После войны, когда благодаря случайности были установлены связи с некоторыми Крупниковыми, я узнал о судьбе Люсика. Лев Крупников пошел по стопам отца, стал врачом. Он никогда не ощущал себя евреем. Во время войны он стал командиром медсанбата. В Польше, увидев евреев, освобожденных из концлагерей, несчастных, бывших у советских учреждений на подозрении («Каким образом вам удалось выжить?» – грозно вопрошали люди в погонах), Лев Крупников «осознал свою причастность к этим жертвам дичайшего антисемитизма» (слова Веры Михайловны). Лев Крупников погиб в январе 1945 года в Польше.
Мне дали телефон Веры Михайловны, я позвонил ей и услышал: «Вы – сын Яши и Мани? Как я рада! Приходите сейчас же к нам! Сегодня день рождения Люсика…»
Когда я пришел, у нее уже было много народу. То были друзья, товарищи ее сына, его одноклассники, сокурсники, сослуживцы по медсанбату. Оказалось, они приходят к Вере Михайловне каждый год в день рождения ее погибшего сына. Я услышал в тот вечер много хорошего о моем двоюродном брате. Судя по всему, он был поистине незаурядной личностью. Его любили и уважали, многие говорили о нем с восхищением. А я сидел и вспоминал Берлин и дядю Давида, который так часто говорил о своем Люсике.

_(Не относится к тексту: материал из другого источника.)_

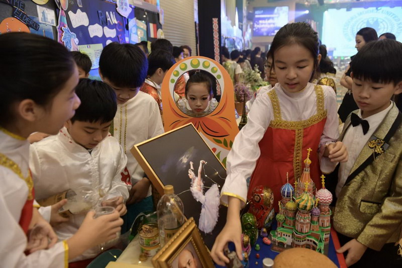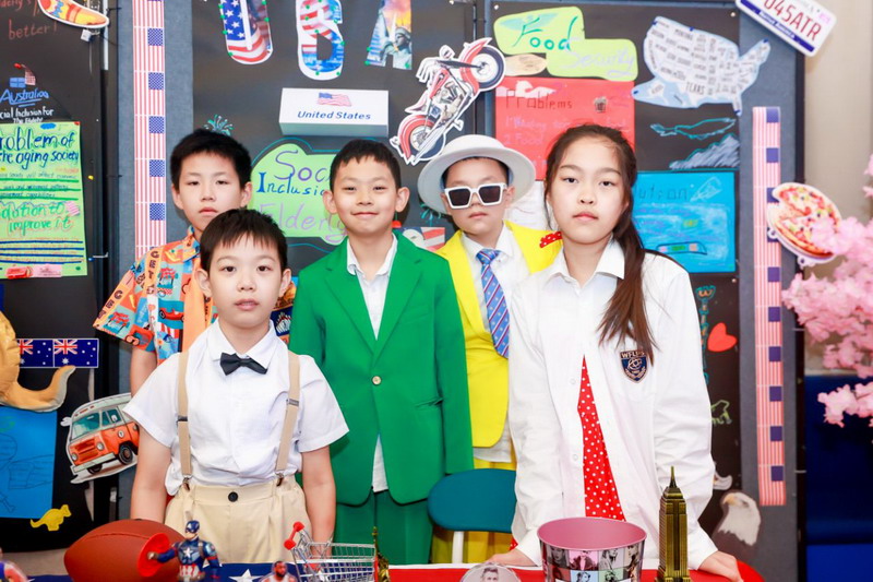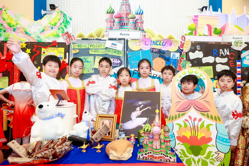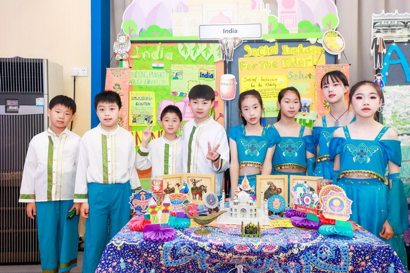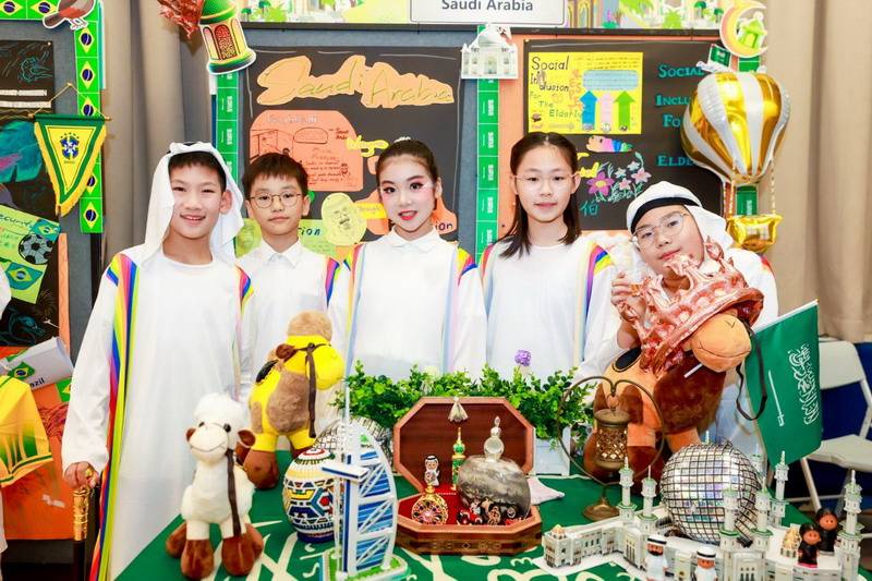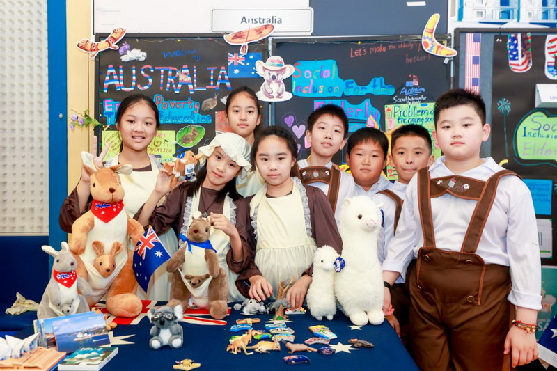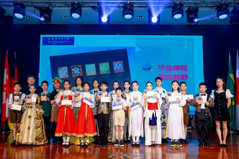 毕业课程中,同学们领略了世界文化的博大精深,采撷了语言文字的趣味盎然。他们身着各国服装,在精心设计的毕业展板前,向来宾介绍毕业课程取得的成果。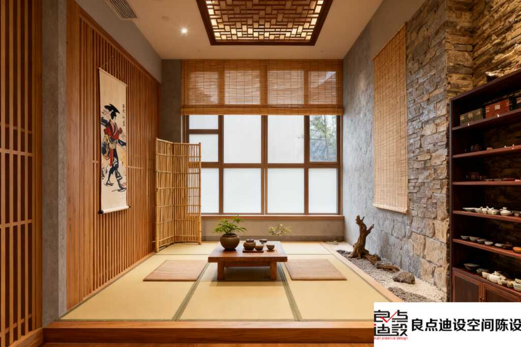 軟裝的靈魂,往往藏在細節(jié)里。墻面上沒有跟風(fēng)網(wǎng)紅元素,而是選擇了經(jīng)典的日式浮世繪和寥寥數(shù)筆的山水墨畫,藝術(shù)氣息悄然而生。旁邊的博古架更是我的心頭好,上面錯落有致地陳列著手作陶器茶具、竹制茶則和一些枯山水小景擺件,每一件都像是一個故事。這正是“良點迪設(shè)空間陳設(shè)”團隊的巧妙之處——用物件講故事,讓空間充滿可讀性。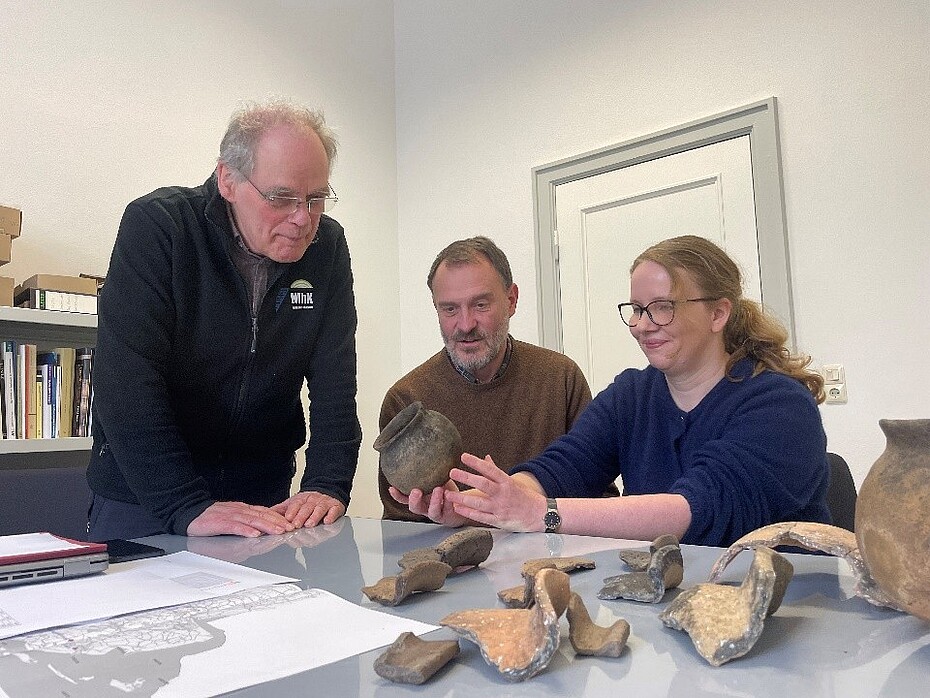 For over 15 years, there has been close cooperation between the NIhK and the Swedish ceramics expert Dr. Torbjörn Brorsson. He supports ceramics research at the institute by providing expert guidance to various projects based on his many years of experience. Particularly noteworthy is his support in evaluating chemical analyses of the raw materials used in pottery, which is a focus of ceramics research at the NIhK. The current DFG-project on early medieval shell-tempered ceramics also benefits significantly from his extensive knowledge and experience. The results achieved so far by the project were discussed in detail during a visit by Torbjörn Brorsson to Wilhelmshaven with the project leader, Prof. Dr Hauke Jöns, and Dr. Katrin Struckmeyer, the ceramics expert responsible for the research at the NIhK. In addition, plans were made to further expand and intensify the collaboration in the coming years. His knowledge of early medieval ceramics in Scandinavia and his close contacts with Scandinavian colleagues are particularly valuable for the current ceramic research at the NIhK.

Берлин, однако, запомнился фрагментарно – как вереница отдельных картин. Например, помнится медведь, вернее, его чучело в KDW (Kaufhaus des Westens) – одном из крупнейших универмагов немецкой столицы. Запомнились такси с четырехугольным отверстием в крыше. Помню колкую траву на курортах Bad Pyrmont или Nauheim, которые родители посетили в 1923 году.

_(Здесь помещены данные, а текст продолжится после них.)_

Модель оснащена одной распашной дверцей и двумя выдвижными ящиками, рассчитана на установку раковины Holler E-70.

Помню, папа несколько раз уезжал и привозил «из Риги» конфеты, консервы, сметану. Один раз вся семья поехала в Штеттин – встречать «пароход с папой».

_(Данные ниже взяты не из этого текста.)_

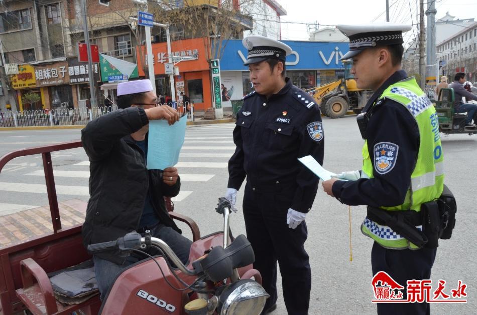 “你好,安全頭盔怎么沒(méi)有戴?交通安全記心間,安全無(wú)小事,以后騎車一定要戴好頭盔?!?月9日上午,在張家川回族自治縣城區(qū)解放路十字,張家川縣公安局交警大隊(duì)城區(qū)中隊(duì)副中隊(duì)長(zhǎng)汪曉文正向一名騎電動(dòng)車的駕駛?cè)似占敖煌ò踩R(shí)。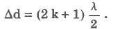 Если дельта d равна нечетному числу длин полуволн, то при сложении волн гребень одной волны будет накладываться на впадину другой, поэтому волны будут максимально ослаблять друг друга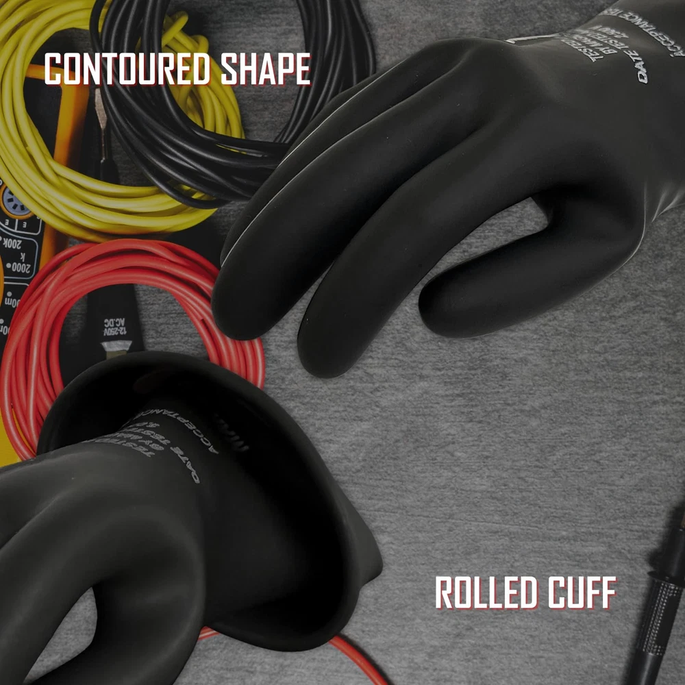 ELECTRICAL INSULATING LINEMAN GLOVES: Insulating gloves protect against electrical hazards; Ideal for lineman, electricians, field service work and more. CLASS 00: Designed for low-voltage applications; Electrical safety gloves protect up to 500 Volts AC/750 Volts DC. NON-CONDUCTIVE RUBBER MATERIAL: Gloves are made from dielectric natural rubber latex; Superior dielectric properties and improved flexibility. PROTECTIVE LENGTH: Gloves measure 11” long for extended coverage beyond the wrist; Features a straight cuff with a rolled edge for easy wear and removal MEETS INDUSTRY STANDARDS: Complies with ASTM D120-09 standards, OSHA 29C FR 1910.269 standards and NFPA 70E standards.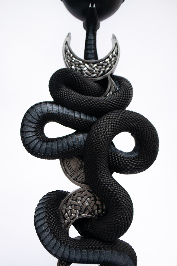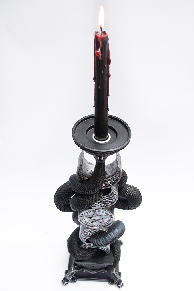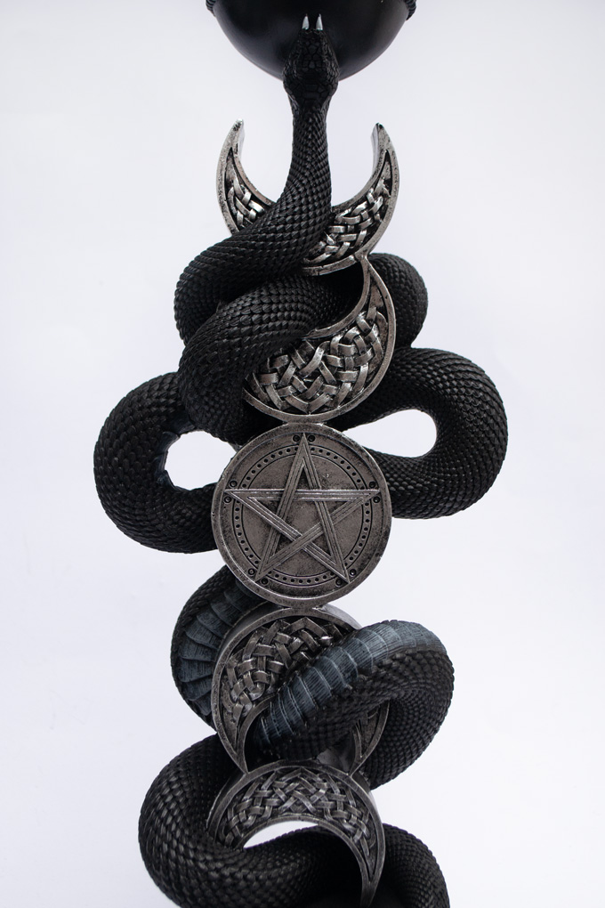 Фази місяця обвиває могутня чорна змія, з найзвичайною деталізацією луски, яка розкритою пащею тримає чашу зі свічкою, але так ніколи і не зможе її проковтнути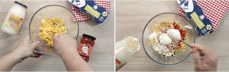 Picamos muy fina la cebolla y el pimiento desmenuzamos el atún. Lo mezclamos todo y añadimos la mayonesa ligando todo el relleno.

Много лет спустя я лучше понял Берлин моих детских воспоминаний. Он был одним из главных центров русской эмиграции. В Берлине тогда выходили две ежедневные русские газеты, работало 36 русских издательств. Берлинский район Шарлоттенбург тогда называли «Шарлоттенград»! В Берлинских театрах ставили русские пьесы. Уже юношей в Риге я услышал от мамы рассказ о том, как в берлинском кафе она видела нескольких известных петербургских писателей и публицистов и подумала, что они своего добились, но совсем, совсем не так, как они это себе представляли в первые недели войны. Она вспомнила, как эти литераторы в 1914 году призывали русскую армию: «На Берлин! На Берлин!». Русские оказались-таки в Берлине, но не победителями (это произойдет лишь в 1945 году), а эмигрантами.
Не все оставались в Берлине в эмиграции. Граф Алексей Толстой, известный художник Билибин и ряд других эмигрантов вернулись в Россию, в советскую Россию. В Берлине того времени бывали Маяковский, Эренбург и многие другие.
* * *Когда в начале двадцатых годов военный коммунизм в России[13] сменила новая экономическая политика – НЭП, мои родители были столь наивны, что поверили в возможность перемен и решили вернуться в Россию. Путь вел через Ригу, но там они застряли и в конце концов остались.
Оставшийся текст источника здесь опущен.